▶ WHAT TO WORK ON
When you reach the line that contains "在開營儀式上,沙泉源副校長作", begin copying exactly and continue through the last line below. Do not copy pictures.
### SOURCE DATA
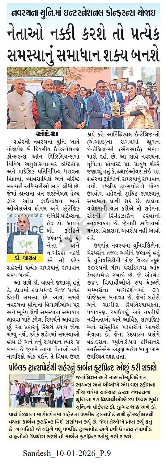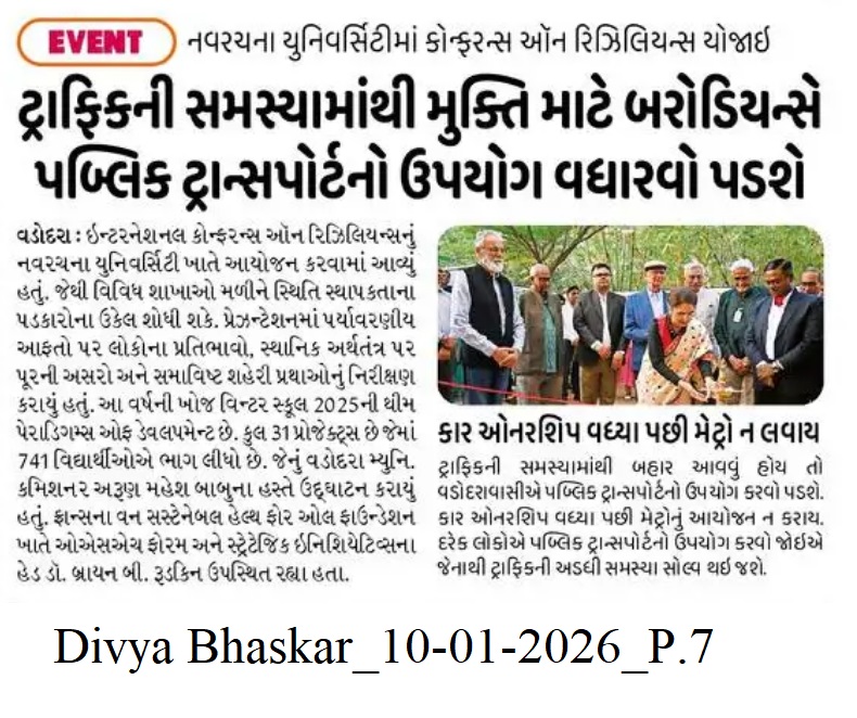 The two-day International Conference on Resilience, held at the city's Navrachana University, brought together scholars, practitioners and senior government officials from diverse disciplinary perspectives and regional representation. In addition to the OSH Forum at the One Sustainable Health for All Foundation in France and the Strategic Initiatives Head Dr. Brian B Rudkin said that every problem in every city can be solved if leaders and citizens decide. Along with this, Dr. Brian said that currently climate change is a problem of every country. At such a time, I welcome the research done by the students of Navrachana University to solve problems like floods and earthquakes. This kind of research has not been seen anywhere. Every city has problems and their solution is possible only when the leaders and citizens of that city come together to discuss that issue and work on it. In the era of Artificial Intelligence (AI), Human Intelligence (HI) is gaining ground. Along with this, Navrachana University Provost Prof. Pratyush Shankar said that flyovers are not the solution to the traffic problem of any city. Proper use of public transport can solve the traffic problem of the city. Talking about the current Vadodara, it may be necessary to redesign the city's roads. In addition, Navrachana University Chairperson Tejal Amin said that the theme of the university's Khoj Winter School 2025 has been kept as Paradigms of Development. Under which 741 students have created projects under the guidance of 65 faculty members. Which have covered urban and rural resilience, environment, sustainability and technological innovations and economic, social and cultural challenges. Vadodara Municipal Commissioner IAS Arun Mahesh Babu was especially present at the inauguration.
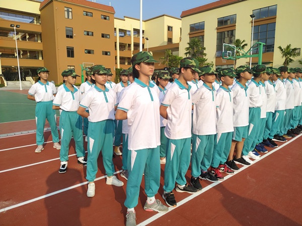 在開營儀式上,沙泉源副校長作了軍訓動員。他首先指出軍訓的目的,即通過嚴格的軍事訓練提高同學們的政治覺悟,激發愛國熱情,增強國防觀念和國家安全意識,增強組織紀律性,提高責任擔當能力,養成良好的學風和生活作風。為班級爭光,報答父母。接著,軍訓團團長嚴教官發言,他希望同學們要端正態度,服從命令,嚴守紀律;苦練基本功,磨煉意志;鞏固訓練成果,形成良好習慣。其后,全年級10個班級被分為5個中隊,隊列整齊,在教官的帶領下,前往運動場,為期兩周的軍訓就此拉開了。“立正、稍息、齊步走、立定”的口令,操場上整齊劃一,一排排整齊的方隊傳遞著同學們的意氣奮發。“向右看齊——向前看——齊步走”,炎炎烈日下,在教官的口令聲中,個個汗流滿面的“小兵”昂首挺胸、精神抖擻,沒有一個叫苦叫累。
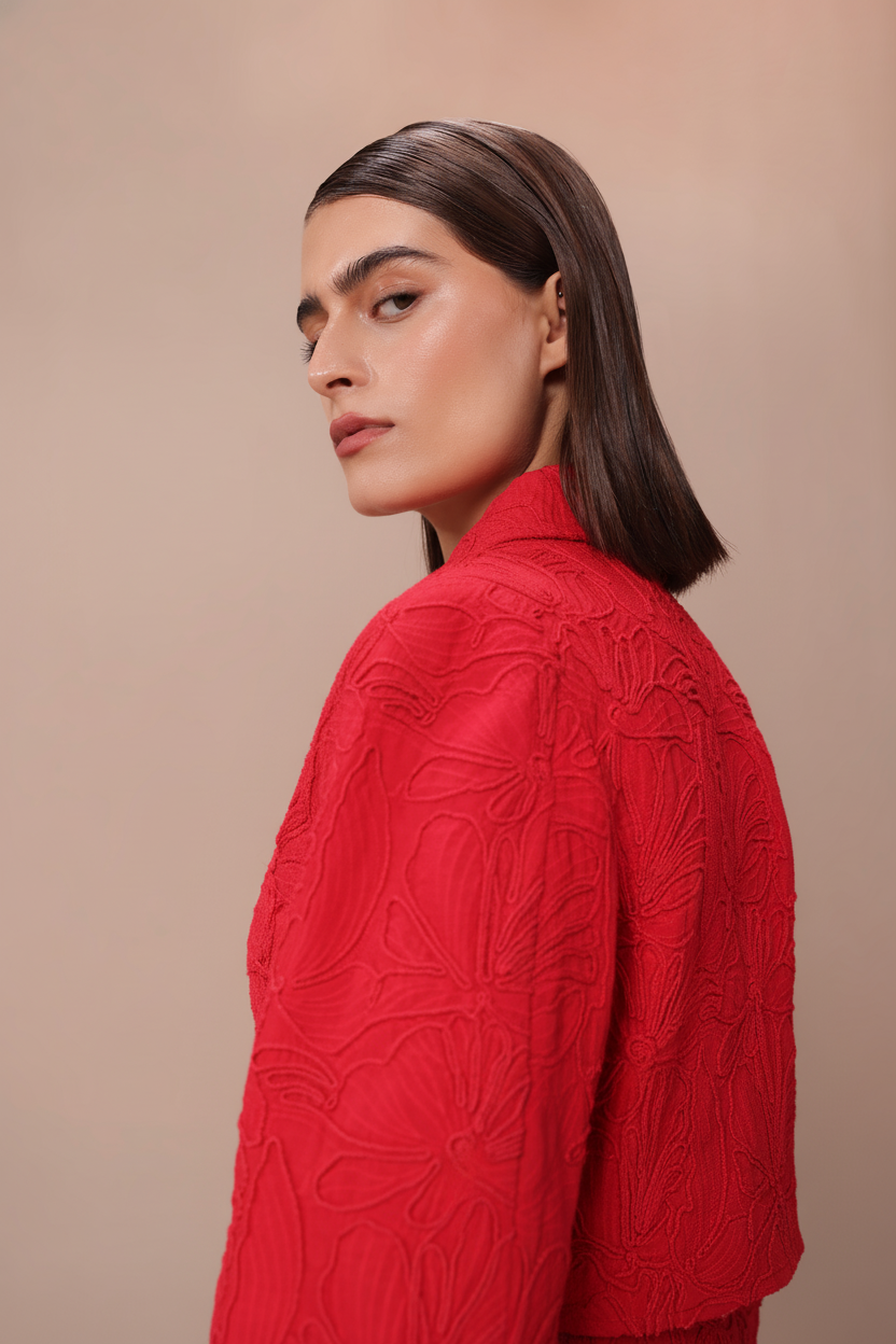The Lamie Blazer Set is the ultimate holiday ensemble, featuring vibrant red hues that catch the light with every step. This set includes a cropped oversized blazer with rounded hems and floral embroideries, secured at the front with a delicate hook and eye. The matching mini skirt showcases a chic wrap effect, complete with a convenient side zipper. Embrace the holiday spirit in style with this stunning set!
######
▶ YOUR RESPONSE
 在開營儀式上,沙泉源副校長作了軍訓動員。他首先指出軍訓的目的,即通過嚴格的軍事訓練提高同學們的政治覺悟,激發愛國熱情,增強國防觀念和國家安全意識,增強組織紀律性,提高責任擔當能力,養成良好的學風和生活作風。為班級爭光,報答父母。接著,軍訓團團長嚴教官發言,他希望同學們要端正態度,服從命令,嚴守紀律;苦練基本功,磨煉意志;鞏固訓練成果,形成良好習慣。其后,全年級10個班級被分為5個中隊,隊列整齊,在教官的帶領下,前往運動場,為期兩周的軍訓就此拉開了。“立正、稍息、齊步走、立定”的口令,操場上整齊劃一,一排排整齊的方隊傳遞著同學們的意氣奮發。“向右看齊——向前看——齊步走”,炎炎烈日下,在教官的口令聲中,個個汗流滿面的“小兵”昂首挺胸、精神抖擻,沒有一個叫苦叫累。
The Lamie Blazer Set is the ultimate holiday ensemble, featuring vibrant red hues that catch the light with every step. This set includes a cropped oversized blazer with rounded hems and floral embroideries, secured at the front with a delicate hook and eye. The matching mini skirt showcases a chic wrap effect, complete with a convenient side zipper. Embrace the holiday spirit in style with this stunning set!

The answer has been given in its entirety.